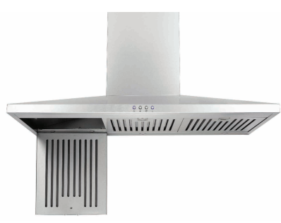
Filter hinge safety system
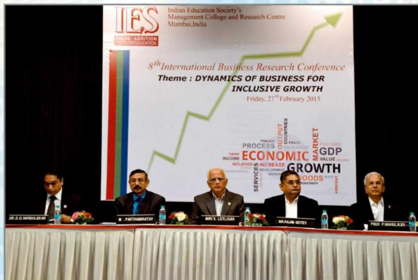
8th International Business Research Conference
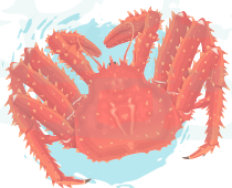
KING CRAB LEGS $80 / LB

==============================

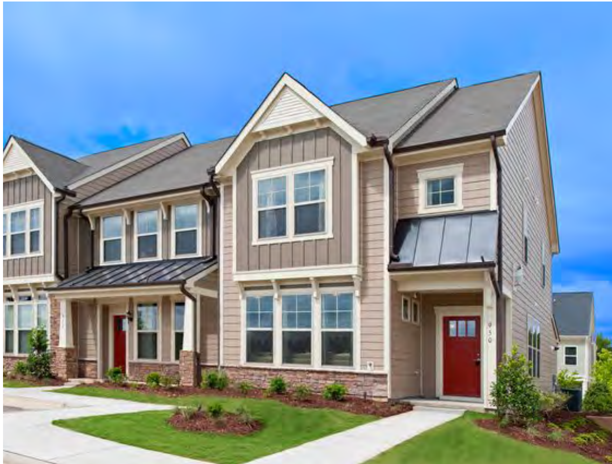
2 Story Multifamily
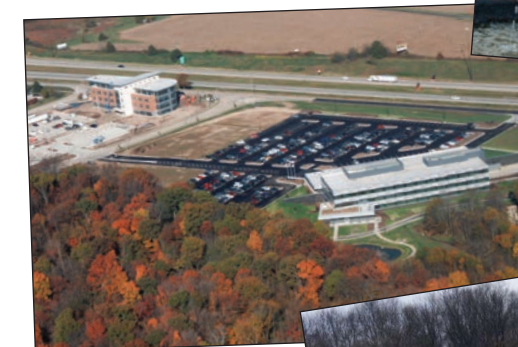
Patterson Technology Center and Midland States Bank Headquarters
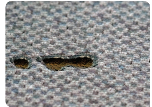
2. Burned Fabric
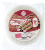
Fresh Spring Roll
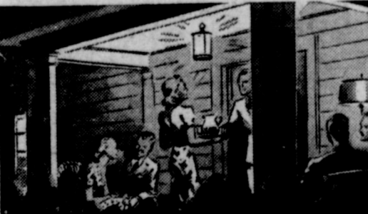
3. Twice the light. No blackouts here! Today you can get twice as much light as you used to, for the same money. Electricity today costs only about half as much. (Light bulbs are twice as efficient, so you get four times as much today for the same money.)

==============================

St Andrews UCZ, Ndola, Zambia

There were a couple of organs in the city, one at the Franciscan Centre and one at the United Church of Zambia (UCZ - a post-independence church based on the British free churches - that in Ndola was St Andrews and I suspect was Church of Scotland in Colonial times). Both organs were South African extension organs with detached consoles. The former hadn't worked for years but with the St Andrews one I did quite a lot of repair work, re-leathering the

==============================

What you will do:
Look through the entries above, and wherever a line holds the string "Zambia", copy it.

Task answer:
St Andrews UCZ, Ndola, Zambia
There were a couple of organs in the city, one at the Franciscan Centre and one at the United Church of Zambia (UCZ - a post-independence church based on the British free churches - that in Ndola was St Andrews and I suspect was Church of Scotland in Colonial times). Both organs were South African extension organs with detached consoles. The former hadn't worked for years but with the St Andrews one I did quite a lot of repair work, re-leathering the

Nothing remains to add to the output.